THE DETAILS: Some Moon hoax proponents wonder how astronauts could flex their fingers inside the bulky gloves of their spacesuits and more generally how they could move at all, since the suits, if pressurized as NASA claims, would have inflated like balloons in the vacuum of space and would have become impossibly rigid. Yet Apollo photographs show astronauts on the Moon moving around quite comfortably, with suits that show no sign of ballooning and are actually flexible and surprisingly creased and saggy.

This objection can be dismissed simply by considering that the American, Russian and Chinese spacesuits currently worn today by astronauts during spacewalks on the International Space Station and in Chinese spaceflights are quite obviously flexible and don’t balloon, and neither did the suits used in Skylab or Shuttle flights or by cosmonauts aboard Soyuz spacecraft or the Mir space station, so there must be a way to solve these allegedly unsurmountable problems. That way is essentially the same one introduced by Russian and American spacesuits of the 1960s.

The issue is probably based on limited knowledge of the actual structure of Apollo spacesuits. Each suit was in fact composed of two suits, worn one inside the other: a pressurized inner suit (shown in blue in Figure 8.17-1), rarely seen on its own, and an unpressurized outer one (shown in white in the same figure), which is the one visible in all the Apollo moonwalk photos.

Figure 8.17-1. Artist’s illustration of a cutout of a complete spacesuit (pressurized inner suit and unpressurized outer suit). Credit: Paul Calle.

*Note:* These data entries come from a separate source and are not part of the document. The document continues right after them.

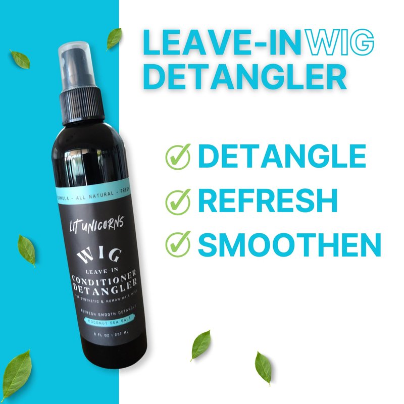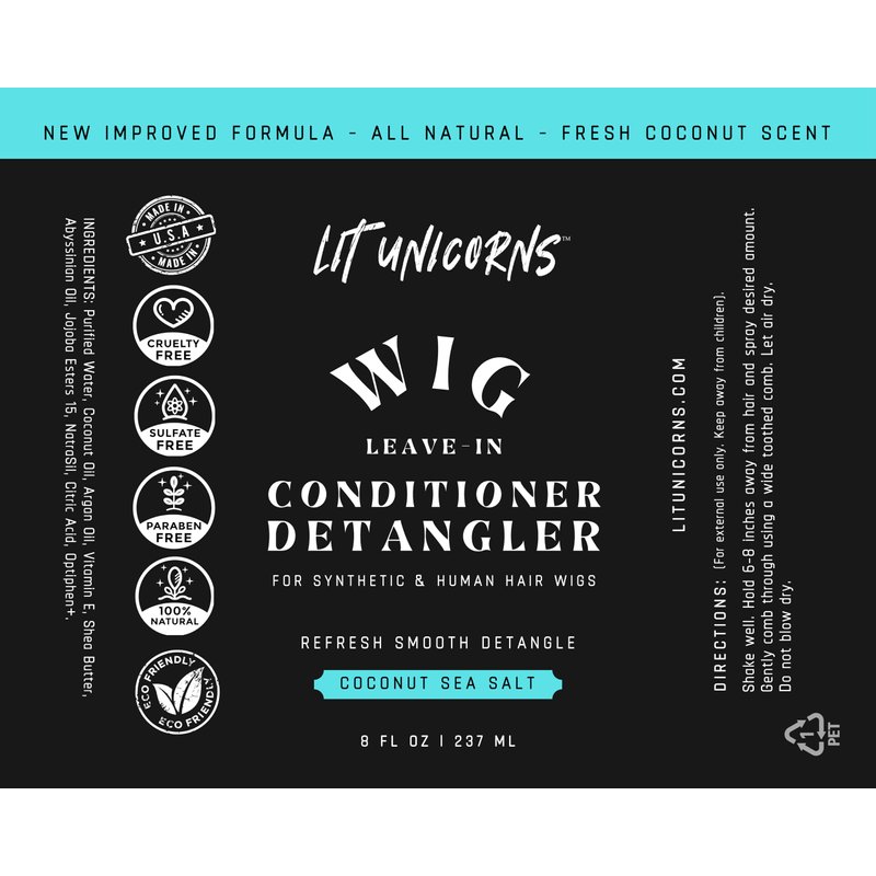 All New and improved natural formula. Lit Unicorns leave-in detangler spray with vegan silk will refresh and help detangle your synthetic or human hair wigs and extensions. Made from all natural ingredients and bottled in the USA, this wig detangler is of the highest quality. Free of Silicones (Dimethicone, etc), Parabens, Formaldehyde, Propylene glycol, Sulfates, and Synthetic fragrances that can damage your wig. Naturally gentle and refreshing. The liquid silk will leave your wig smooth without a heavy feel. Use on synthetic or human hair wigs and extensions. Fresh coconut scent essential oil (No parfumes, fragrances) . Lit Unicorns wig care products are made from high quality natural ingredients and have been a customer favorite for years. Vegan, natural and Made in the USA.
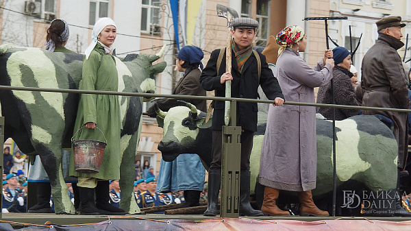 На главной трибуне города почётные места заняли ветераны и труженики тыла. Перед военнослужащими и зрителями с поздравительной речью выступил командующий общевойсковым объединением генерал-майор Михаил Носулев. В своём выступлении генерал-майор напомнил всем о стойкости, героизме, воинской доблести и готовности к самопожертвованию воинов Великой Отечественной войны и тружеников тыла.
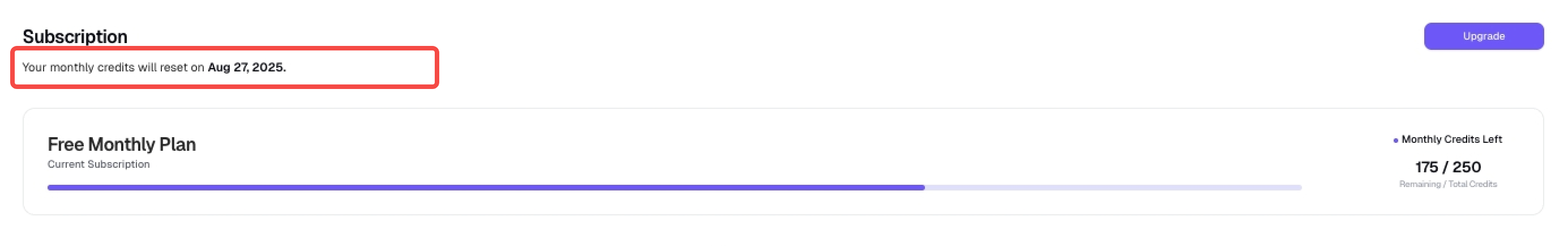 Credits reset automatically at the end of each billing cycle. The number of new credits will depend on your current subscription plan.

The inner suit, known as Pressure Garment, was the airtight part of the suit that enclosed the astronaut’s body. It was pressurized to approximately one third of sea-level pressure; this helped to reduce the suit’s tendency to balloon and stiffen. It was mostly made of neoprene in which a non-elastic containment layer of mesh was embedded.

In other words, the inner suit could only expand until this mesh was taut. If you can imagine a balloon placed inside a bag of netting, or if you look at a garden hose, you have a good example of a pressure containment layer.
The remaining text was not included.